__What you should do__
Exactly the lines from the one containing "The Coquette style" through the one containing "이에 대곶면 복지팀과" in the listing below are to be copied, with the pictures left out.

__The data__

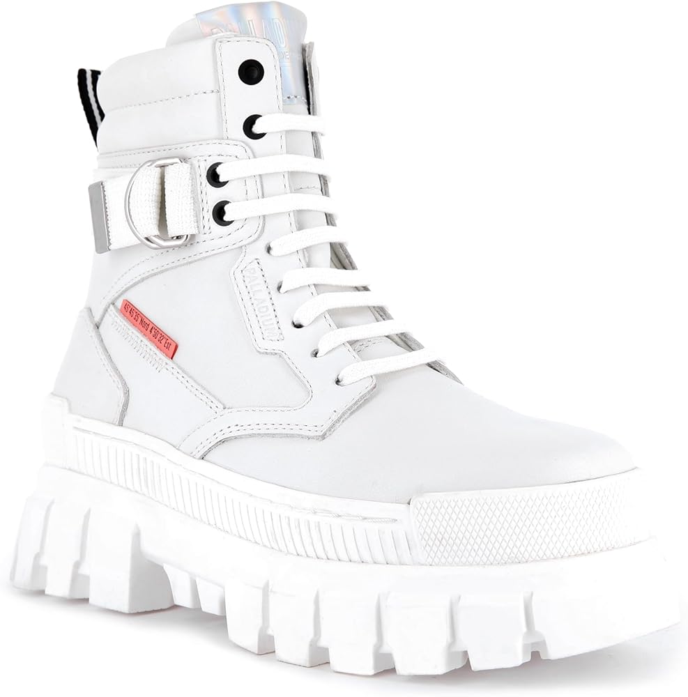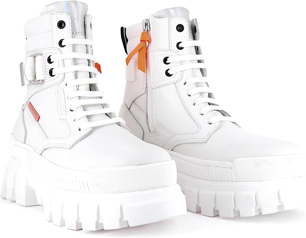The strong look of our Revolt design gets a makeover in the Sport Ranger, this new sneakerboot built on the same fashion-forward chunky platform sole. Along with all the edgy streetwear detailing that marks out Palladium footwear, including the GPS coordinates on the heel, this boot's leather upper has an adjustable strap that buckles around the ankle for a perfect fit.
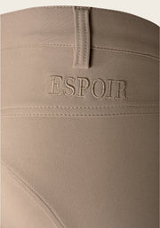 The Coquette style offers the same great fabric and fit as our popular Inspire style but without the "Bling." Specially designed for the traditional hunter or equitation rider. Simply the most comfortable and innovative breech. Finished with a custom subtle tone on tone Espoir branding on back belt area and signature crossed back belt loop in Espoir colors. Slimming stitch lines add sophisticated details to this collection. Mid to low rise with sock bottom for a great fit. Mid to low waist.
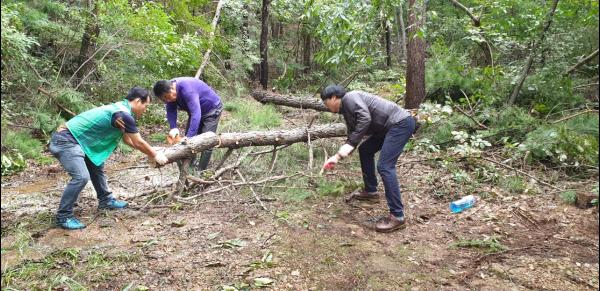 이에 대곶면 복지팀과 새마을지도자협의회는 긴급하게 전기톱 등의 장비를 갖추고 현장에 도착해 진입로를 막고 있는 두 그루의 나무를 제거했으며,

--

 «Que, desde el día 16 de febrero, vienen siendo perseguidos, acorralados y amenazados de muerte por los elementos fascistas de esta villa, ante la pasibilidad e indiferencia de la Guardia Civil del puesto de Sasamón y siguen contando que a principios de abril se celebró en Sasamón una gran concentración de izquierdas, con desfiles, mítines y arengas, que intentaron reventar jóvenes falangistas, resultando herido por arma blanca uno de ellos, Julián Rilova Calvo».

__Answer__
 The Coquette style offers the same great fabric and fit as our popular Inspire style but without the "Bling." Specially designed for the traditional hunter or equitation rider. Simply the most comfortable and innovative breech. Finished with a custom subtle tone on tone Espoir branding on back belt area and signature crossed back belt loop in Espoir colors. Slimming stitch lines add sophisticated details to this collection. Mid to low rise with sock bottom for a great fit. Mid to low waist.
 이에 대곶면 복지팀과 새마을지도자협의회는 긴급하게 전기톱 등의 장비를 갖추고 현장에 도착해 진입로를 막고 있는 두 그루의 나무를 제거했으며,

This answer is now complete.